● Task instructions: Output exactly what appears from the line containing "廣東省孕嬰童用品協(xié)" to the end of the data below, and nothing more.

● Items from a dataset:
=== Section Start ===

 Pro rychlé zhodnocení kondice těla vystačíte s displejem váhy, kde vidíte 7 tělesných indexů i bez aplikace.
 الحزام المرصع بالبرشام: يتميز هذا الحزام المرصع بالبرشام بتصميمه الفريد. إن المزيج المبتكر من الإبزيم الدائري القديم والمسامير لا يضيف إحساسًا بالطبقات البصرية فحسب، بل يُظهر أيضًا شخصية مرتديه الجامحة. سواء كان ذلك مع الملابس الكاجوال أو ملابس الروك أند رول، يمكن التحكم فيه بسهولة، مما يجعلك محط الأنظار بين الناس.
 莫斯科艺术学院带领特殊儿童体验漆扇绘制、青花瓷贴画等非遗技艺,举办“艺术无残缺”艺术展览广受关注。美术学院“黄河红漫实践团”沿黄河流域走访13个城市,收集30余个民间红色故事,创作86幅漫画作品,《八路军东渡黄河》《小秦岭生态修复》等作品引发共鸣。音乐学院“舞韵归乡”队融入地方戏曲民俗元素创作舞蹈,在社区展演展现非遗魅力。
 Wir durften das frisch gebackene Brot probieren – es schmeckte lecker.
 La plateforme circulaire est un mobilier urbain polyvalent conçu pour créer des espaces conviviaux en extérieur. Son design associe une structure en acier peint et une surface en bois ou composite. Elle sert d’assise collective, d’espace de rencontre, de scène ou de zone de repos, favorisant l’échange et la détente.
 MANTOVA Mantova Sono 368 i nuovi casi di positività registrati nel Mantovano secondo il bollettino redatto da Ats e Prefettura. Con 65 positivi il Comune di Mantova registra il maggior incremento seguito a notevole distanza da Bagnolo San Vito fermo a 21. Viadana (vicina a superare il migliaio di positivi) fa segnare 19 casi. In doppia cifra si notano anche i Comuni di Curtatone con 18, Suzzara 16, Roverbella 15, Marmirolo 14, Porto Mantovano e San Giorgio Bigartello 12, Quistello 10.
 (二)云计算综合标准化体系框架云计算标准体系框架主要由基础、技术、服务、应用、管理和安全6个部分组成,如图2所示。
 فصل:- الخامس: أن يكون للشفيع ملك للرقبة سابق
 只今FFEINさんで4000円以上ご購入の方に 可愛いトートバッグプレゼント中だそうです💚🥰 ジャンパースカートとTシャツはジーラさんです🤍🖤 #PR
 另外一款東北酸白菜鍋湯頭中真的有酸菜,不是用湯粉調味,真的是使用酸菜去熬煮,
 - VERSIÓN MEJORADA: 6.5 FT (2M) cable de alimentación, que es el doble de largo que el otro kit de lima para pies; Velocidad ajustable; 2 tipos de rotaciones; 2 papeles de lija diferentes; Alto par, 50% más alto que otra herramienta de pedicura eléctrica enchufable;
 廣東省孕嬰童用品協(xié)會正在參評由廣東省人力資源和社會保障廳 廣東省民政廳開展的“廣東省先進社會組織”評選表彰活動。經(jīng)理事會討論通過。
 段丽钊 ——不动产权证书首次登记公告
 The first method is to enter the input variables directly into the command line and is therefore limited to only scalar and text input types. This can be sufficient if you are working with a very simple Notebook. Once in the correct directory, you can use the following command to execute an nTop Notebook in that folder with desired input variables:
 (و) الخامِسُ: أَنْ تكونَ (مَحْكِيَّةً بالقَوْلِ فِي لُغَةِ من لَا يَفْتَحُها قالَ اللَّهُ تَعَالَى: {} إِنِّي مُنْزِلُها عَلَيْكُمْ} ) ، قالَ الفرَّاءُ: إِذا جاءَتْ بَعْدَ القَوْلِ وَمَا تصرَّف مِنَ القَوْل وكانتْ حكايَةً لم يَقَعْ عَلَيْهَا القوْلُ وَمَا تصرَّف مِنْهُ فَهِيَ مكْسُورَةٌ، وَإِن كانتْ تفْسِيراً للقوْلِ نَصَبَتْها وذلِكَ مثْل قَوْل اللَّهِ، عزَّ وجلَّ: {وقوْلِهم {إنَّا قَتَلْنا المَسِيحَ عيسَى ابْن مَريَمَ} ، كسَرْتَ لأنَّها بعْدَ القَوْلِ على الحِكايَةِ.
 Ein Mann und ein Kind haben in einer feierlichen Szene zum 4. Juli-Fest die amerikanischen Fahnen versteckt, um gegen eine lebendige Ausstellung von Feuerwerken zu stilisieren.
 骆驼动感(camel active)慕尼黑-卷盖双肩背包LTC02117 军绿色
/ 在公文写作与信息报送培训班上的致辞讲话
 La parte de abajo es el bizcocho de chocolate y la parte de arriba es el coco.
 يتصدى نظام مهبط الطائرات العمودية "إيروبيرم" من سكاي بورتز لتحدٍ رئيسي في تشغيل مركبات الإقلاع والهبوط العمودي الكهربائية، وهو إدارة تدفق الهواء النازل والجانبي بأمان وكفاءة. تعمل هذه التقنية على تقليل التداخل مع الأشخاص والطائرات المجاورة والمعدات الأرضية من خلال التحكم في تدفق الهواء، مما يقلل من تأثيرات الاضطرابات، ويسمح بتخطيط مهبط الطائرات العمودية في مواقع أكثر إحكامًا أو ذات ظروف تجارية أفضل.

=== Section End ===

● Written solution:
 廣東省孕嬰童用品協(xié)會正在參評由廣東省人力資源和社會保障廳 廣東省民政廳開展的“廣東省先進社會組織”評選表彰活動。經(jīng)理事會討論通過。
 段丽钊 ——不动产权证书首次登记公告
 The first method is to enter the input variables directly into the command line and is therefore limited to only scalar and text input types. This can be sufficient if you are working with a very simple Notebook. Once in the correct directory, you can use the following command to execute an nTop Notebook in that folder with desired input variables:
 (و) الخامِسُ: أَنْ تكونَ (مَحْكِيَّةً بالقَوْلِ فِي لُغَةِ من لَا يَفْتَحُها قالَ اللَّهُ تَعَالَى: {} إِنِّي مُنْزِلُها عَلَيْكُمْ} ) ، قالَ الفرَّاءُ: إِذا جاءَتْ بَعْدَ القَوْلِ وَمَا تصرَّف مِنَ القَوْل وكانتْ حكايَةً لم يَقَعْ عَلَيْهَا القوْلُ وَمَا تصرَّف مِنْهُ فَهِيَ مكْسُورَةٌ، وَإِن كانتْ تفْسِيراً للقوْلِ نَصَبَتْها وذلِكَ مثْل قَوْل اللَّهِ، عزَّ وجلَّ: {وقوْلِهم {إنَّا قَتَلْنا المَسِيحَ عيسَى ابْن مَريَمَ} ، كسَرْتَ لأنَّها بعْدَ القَوْلِ على الحِكايَةِ.
 Ein Mann und ein Kind haben in einer feierlichen Szene zum 4. Juli-Fest die amerikanischen Fahnen versteckt, um gegen eine lebendige Ausstellung von Feuerwerken zu stilisieren.
 骆驼动感(camel active)慕尼黑-卷盖双肩背包LTC02117 军绿色
/ 在公文写作与信息报送培训班上的致辞讲话
 La parte de abajo es el bizcocho de chocolate y la parte de arriba es el coco.
 يتصدى نظام مهبط الطائرات العمودية "إيروبيرم" من سكاي بورتز لتحدٍ رئيسي في تشغيل مركبات الإقلاع والهبوط العمودي الكهربائية، وهو إدارة تدفق الهواء النازل والجانبي بأمان وكفاءة. تعمل هذه التقنية على تقليل التداخل مع الأشخاص والطائرات المجاورة والمعدات الأرضية من خلال التحكم في تدفق الهواء، مما يقلل من تأثيرات الاضطرابات، ويسمح بتخطيط مهبط الطائرات العمودية في مواقع أكثر إحكامًا أو ذات ظروف تجارية أفضل.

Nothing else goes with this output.